When an interface fails, failSAFE IP removes all addresses and static routes from the failed interface. The static routes are reestablished on every interface where the route's network is reachable. This action can result in the creation of a static route on multiple interfaces and is most often observed with the default route.

You may need to restart dynamic routing to ensure that the dynamic routing protocol remains current with changes in the interface availability. If this is necessary, restart the routing process using the following TCP/IP management commands:

TCPIP> STOP ROUTING /GATED TCPIP> START ROUTING /GATED

For GATED, failSAFE IP can be configured to scan the interfaces periodically for any changes. Use the GATED configuration option scaninterval . You can scan the interfaces manually using the following TCP/IP management command:

$ TCPIP SET GATED/CHECK_INTERFACES

For more information about routing protocols, see Chapter 4.

5.3.4 Displaying the Status of Interfaces

The failSAFE IP service periodically reads the network interface card (NIC) Bytes Received counter to determine the status of an interface. You can display the Bytes Received counter using the LANCP utility. For example, to view the Bytes Received counters for all interfaces, enter the following command:

$ pipe mcr lancp show device/count | search sys$pipe "Bytes received"/exact

The types of events that prevents the Bytes Received counter from changing include:

Failing interface hardware
Disconnected physical link
Shutting the interface down using TCP/IP management commands
Shutting down TCP/IP Services
Shutting down a node

5.3.5 Guidelines for Configuring failSAFE IP

This section describes guidelines that can help avoid common pitfalls in configuring failSAFE IP.

5.3.5.1 Validating failSAFE IP

Most contemporary networks are highly stable and rarely suffer from the problems that require failSAFE IP. Consequently, on the few occasions where failSAFE IP is required, it is critical that the service be validated in the environment where it is being deployed. Failure to do this can result in unexpected problems at the critical moment.

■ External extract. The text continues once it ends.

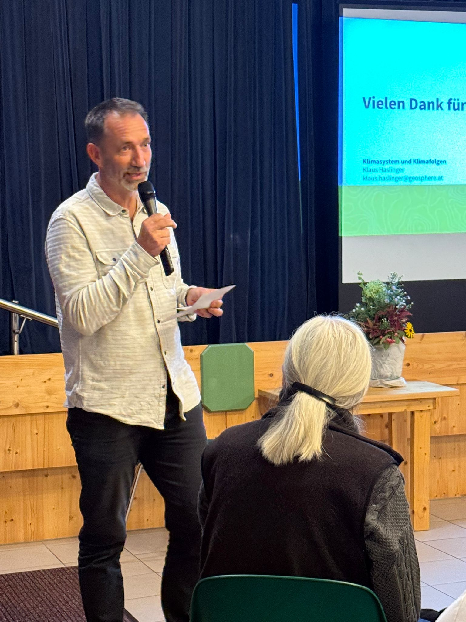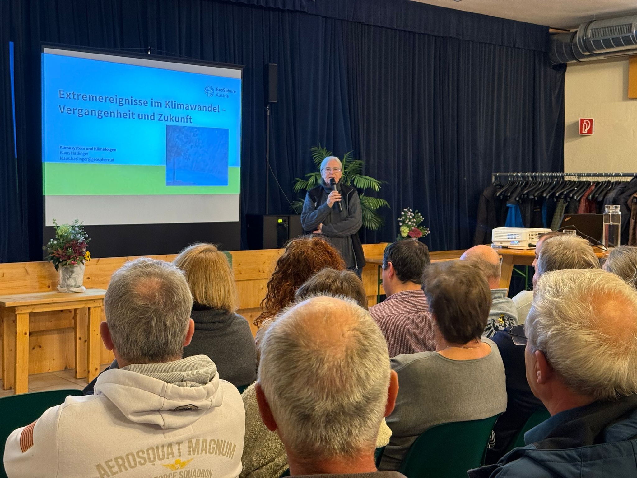Dr. Klaus Haslinger von Geosphere Austria präsentierte verständlich aktuelle Forschungsergebnisse zu diesem komplexen Themenfeld.

Since real failures are rare and sometimes difficult to simulate, the logical name TCPIP$FAILSAFE_FAILED_ifname is provided. After configuring failSAFE IP addresses and starting the failSAFE IP service, validate the configuration using the following procedure:

Establish connections and generate IP traffic.
Using TELNET or FTP, create incoming and outgoing TCP connections to the multihomed host from inside and outside the subnet. Verify that these connections are established by using the following commands:

$ @SYS$MANAGER:TCPIP$DEFINE_COMMANDS.COM $ ifconfig -a ! Check the interface addresses $ netstat -nr ! Check the routing table $ netstat -n ! identify which interfaces are being used

Simulate a failure and observe.
Simulate a failure and observe OPCOM and log file messages. Use the following command to simulate a failure:
$ DEFINE/SYSTEM TCPIP$FAILSAFE_FAILED_ifname 1 ! or disconnect the cable
Wait long enough for failover to occur, which is signaled by OPCOM messages. Then observe the effects of failover and verify that TCP connections are still established and can transfer data. For example, TELNET sessions should respond to keyboard input.
Use the following commands to see how IP addresses and routing have changed:
$ ifconfig -a ! Observe how the addresses have migrated $ netstat -nr ! Observe how the routing table has changed

Recover from the simulated failure and observe the OPCOM messages.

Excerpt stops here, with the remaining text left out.